*Exercise prompt:* What should be copied is the stretch of entries below from the line with "Із прямокутників розмірами" up to and including the line with "permite jugar con", exactly and without images.

___ Recorded information

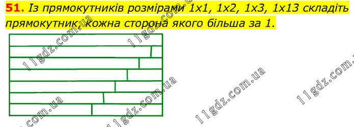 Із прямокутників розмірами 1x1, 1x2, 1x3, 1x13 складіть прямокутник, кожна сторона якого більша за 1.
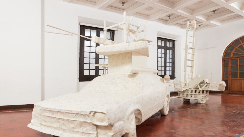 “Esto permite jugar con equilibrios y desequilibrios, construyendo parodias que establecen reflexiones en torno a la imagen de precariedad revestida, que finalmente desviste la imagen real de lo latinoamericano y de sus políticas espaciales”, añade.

______
___ Recorded information

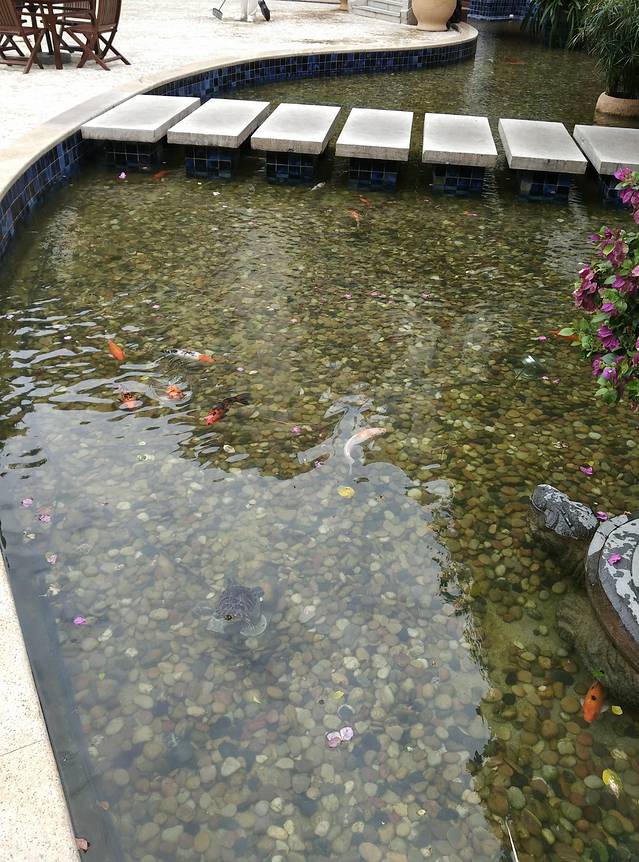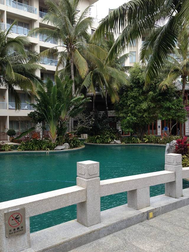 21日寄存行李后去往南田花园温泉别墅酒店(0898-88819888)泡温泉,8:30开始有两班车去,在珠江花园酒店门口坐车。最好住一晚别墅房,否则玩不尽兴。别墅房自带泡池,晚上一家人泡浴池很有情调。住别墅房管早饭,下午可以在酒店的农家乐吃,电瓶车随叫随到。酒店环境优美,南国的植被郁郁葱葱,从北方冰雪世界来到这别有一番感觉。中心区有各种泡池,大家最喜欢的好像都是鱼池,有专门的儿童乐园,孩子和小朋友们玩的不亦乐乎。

______

*Solution to this task:*
 Із прямокутників розмірами 1x1, 1x2, 1x3, 1x13 складіть прямокутник, кожна сторона якого більша за 1.
 “Esto permite jugar con equilibrios y desequilibrios, construyendo parodias que establecen reflexiones en torno a la imagen de precariedad revestida, que finalmente desviste la imagen real de lo latinoamericano y de sus políticas espaciales”, añade.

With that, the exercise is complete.